Look through the records below for the line with "- Součástí balení". Return that line and each one after it up to and including the line with "You want your", exactly.

____ Stored data

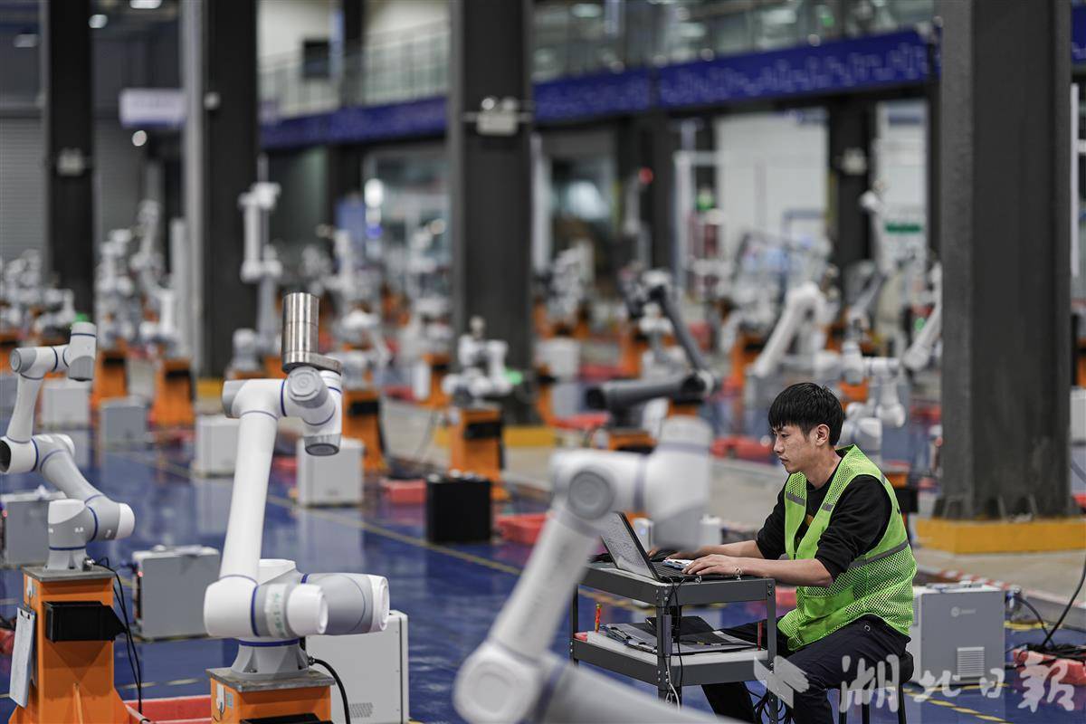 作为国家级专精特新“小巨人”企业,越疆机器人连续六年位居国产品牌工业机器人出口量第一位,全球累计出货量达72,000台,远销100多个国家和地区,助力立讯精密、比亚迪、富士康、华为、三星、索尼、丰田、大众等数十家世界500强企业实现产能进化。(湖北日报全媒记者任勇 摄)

________
____ Stored data

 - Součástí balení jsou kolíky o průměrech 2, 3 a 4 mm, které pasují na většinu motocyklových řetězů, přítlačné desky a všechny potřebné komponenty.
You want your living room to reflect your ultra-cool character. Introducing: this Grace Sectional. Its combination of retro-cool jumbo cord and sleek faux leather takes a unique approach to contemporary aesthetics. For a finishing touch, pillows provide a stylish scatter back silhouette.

________

▶ Answer box:
 - Součástí balení jsou kolíky o průměrech 2, 3 a 4 mm, které pasují na většinu motocyklových řetězů, přítlačné desky a všechny potřebné komponenty.
You want your living room to reflect your ultra-cool character. Introducing: this Grace Sectional. Its combination of retro-cool jumbo cord and sleek faux leather takes a unique approach to contemporary aesthetics. For a finishing touch, pillows provide a stylish scatter back silhouette.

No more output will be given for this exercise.